As to the nature of the information, the court noted that it contained a specific description of the car, its exact location at a moment in time, and its direction and prior movements, all of which "reasonably support a conclusion that the caller had personally observed the vehicle." Melanson, 665 A.2d at 340. Next, the court noted that the officer was able to determine within a few minutes of the call that the informant had accurately described the vehicle and its current location and direction, "support the complainant's credibility" and "the officer's conclusion that the informant had actually observed the reported behavior." Id.

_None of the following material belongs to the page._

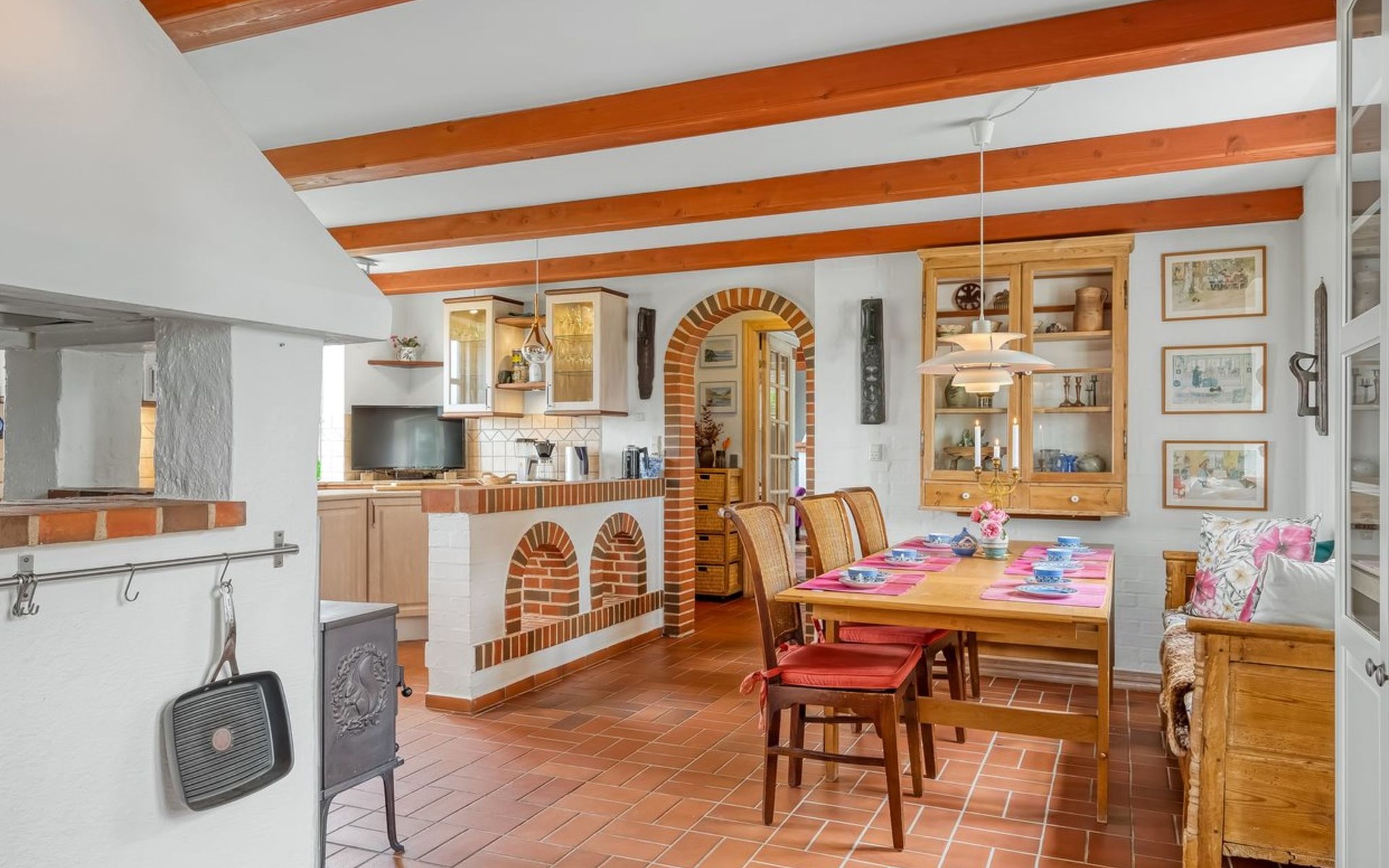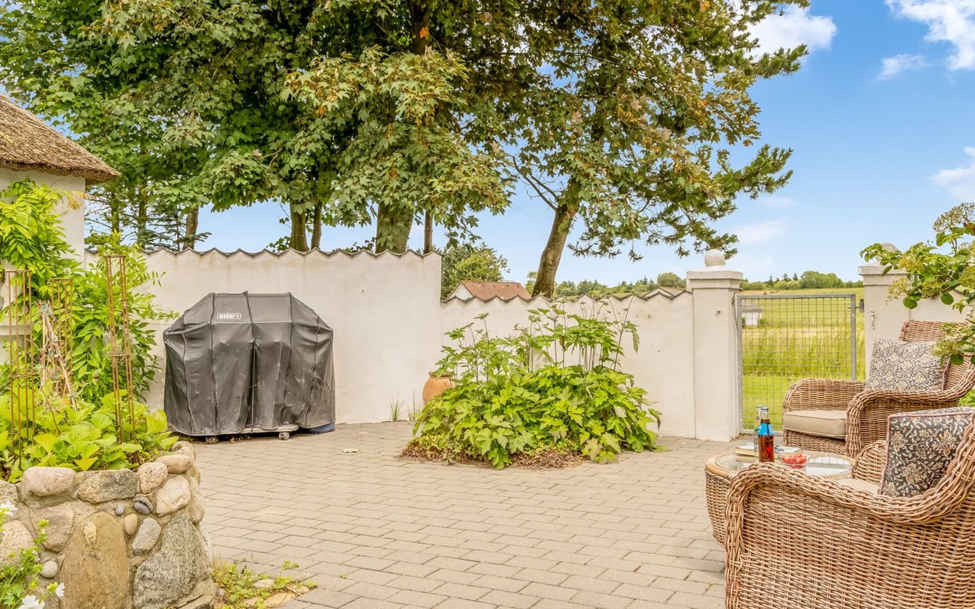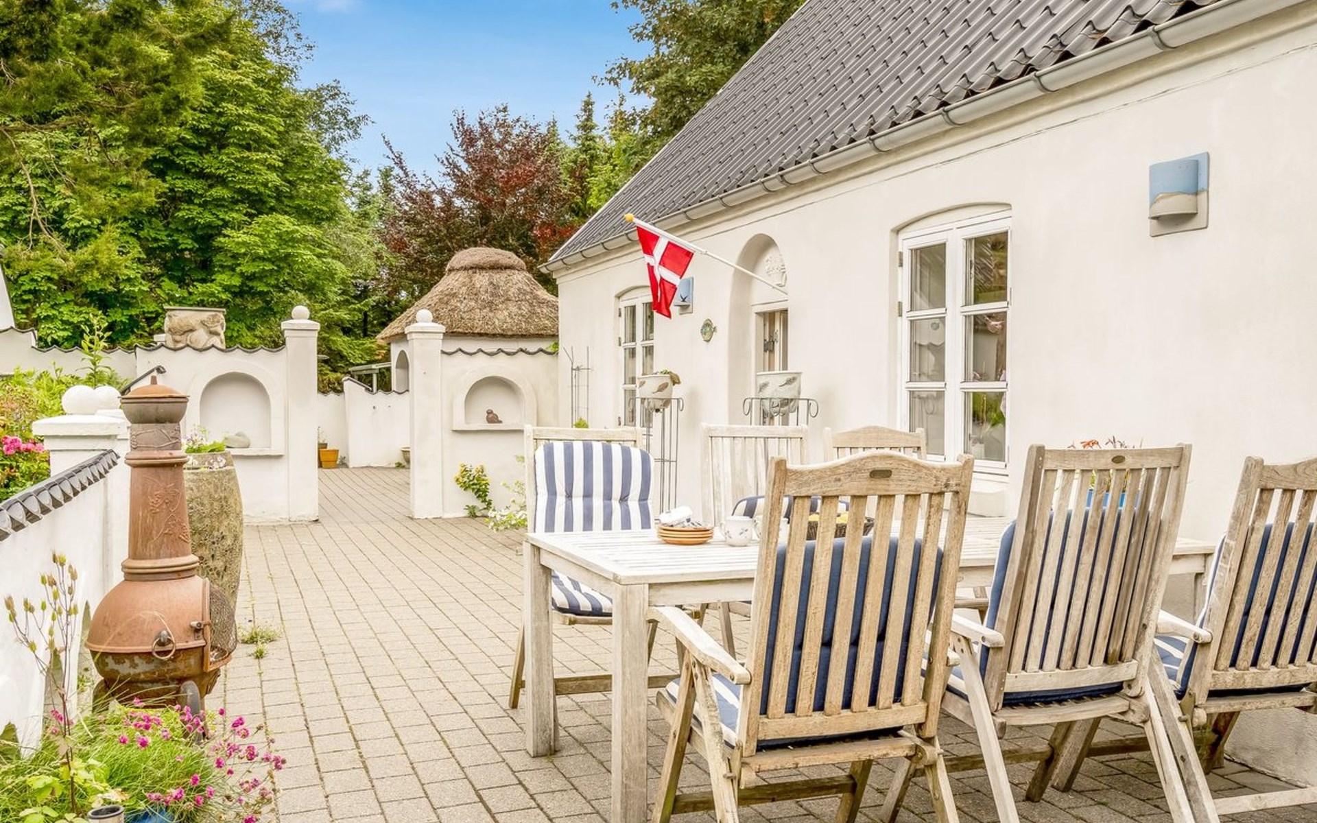 Single-family house, built in 2001. 1.8 km from the sea. Private: natural state property 12'000 m2. Barbecue. In the house: washing machine, tumble dryer. Parking at the house. Grocery 400 m. Golf course 10 km. The owner does not accept any youth groups.

Finally, the court recognized that "the officer faced the potential of a dangerous public safety hazard." Id. Unlike a situation where the information concerns the transportation of controlled substances, and the officer could safely observe the defendant to obtain additional incriminating information, here failure quickly to stop the defendant's vehicle in order to confirm or dispel the officer's suspicions could have exposed the public as well as the defendant herself to the danger of an impaired driver. The officer's ability to observe incriminating behavior, therefore, was limited by the exigency of the situation. Id. (emphasis added).
In addition to the ruling by the New Hampshire court, Lamb also relied on the Kansas decision in State v. Tucker, 878 P.2d 855 (Kan. Ct. App. 1994), which again presented the scenario of an officer responding to a radio dispatch based upon an anonymous report of erratic driving. The caller described the vehicle, its location on the highway, and direction of travel. The officers located the car, followed a short distance, and - despite having observed no erratic driving - made an investigative stop which led to a DUI arrest. Applying an analysis similar to that in Melanson, the court observed that the anonymous tip suggested some firsthand knowledge, was corroborated by the police within a short time, and required immediate investigation in order to prevent potential injury to the driver and the public.
The Kansas court's discussion of the necessary balancing between the driver's constitutional right to privacy and the public's interest in safety bears repeating. That balancing, the court observed, "must consider the risk to the public of not making an immediate stop against the right of an individual to be free from such stops. We believe that, where the danger to the public is clear, urgent, and immediate, the equation must be weighted in favor of protecting the public and removing the danger." Id. at 861. Applying that equation to the case at bar, the court concluded that the risk of not making an immediate stop was "death and destruction on the highways. This is not a risk which the Fourth Amendment requires the public to take." Id. at 862.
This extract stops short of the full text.